**TASK GOAL**
Every line of the material below that contains the string "with" must appear in the answer.

**RECORDS FOR THE EXERCISE**
BEGIN

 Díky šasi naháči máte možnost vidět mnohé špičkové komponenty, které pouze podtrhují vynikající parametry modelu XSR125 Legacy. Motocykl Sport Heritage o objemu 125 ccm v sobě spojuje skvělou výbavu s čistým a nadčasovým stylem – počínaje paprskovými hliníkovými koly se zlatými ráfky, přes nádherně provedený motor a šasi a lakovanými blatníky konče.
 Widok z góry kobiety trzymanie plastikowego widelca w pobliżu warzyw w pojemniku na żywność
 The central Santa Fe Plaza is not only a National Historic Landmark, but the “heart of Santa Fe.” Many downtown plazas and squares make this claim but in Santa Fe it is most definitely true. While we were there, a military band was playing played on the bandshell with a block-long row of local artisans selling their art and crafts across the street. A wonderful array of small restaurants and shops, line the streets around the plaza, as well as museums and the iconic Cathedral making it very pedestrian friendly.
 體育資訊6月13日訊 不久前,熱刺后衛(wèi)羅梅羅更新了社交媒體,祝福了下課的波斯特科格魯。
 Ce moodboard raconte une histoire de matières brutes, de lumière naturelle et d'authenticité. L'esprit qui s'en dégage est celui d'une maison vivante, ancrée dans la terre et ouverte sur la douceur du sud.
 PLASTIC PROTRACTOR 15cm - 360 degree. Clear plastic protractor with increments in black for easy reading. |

END
BEGIN

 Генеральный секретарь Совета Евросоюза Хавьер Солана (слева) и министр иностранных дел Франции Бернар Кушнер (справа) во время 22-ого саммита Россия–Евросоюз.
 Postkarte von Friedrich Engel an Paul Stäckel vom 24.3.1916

END

**SOLUTION FOR THIS PROBLEM**
 The central Santa Fe Plaza is not only a National Historic Landmark, but the “heart of Santa Fe.” Many downtown plazas and squares make this claim but in Santa Fe it is most definitely true. While we were there, a military band was playing played on the bandshell with a block-long row of local artisans selling their art and crafts across the street. A wonderful array of small restaurants and shops, line the streets around the plaza, as well as museums and the iconic Cathedral making it very pedestrian friendly.
 PLASTIC PROTRACTOR 15cm - 360 degree. Clear plastic protractor with increments in black for easy reading. |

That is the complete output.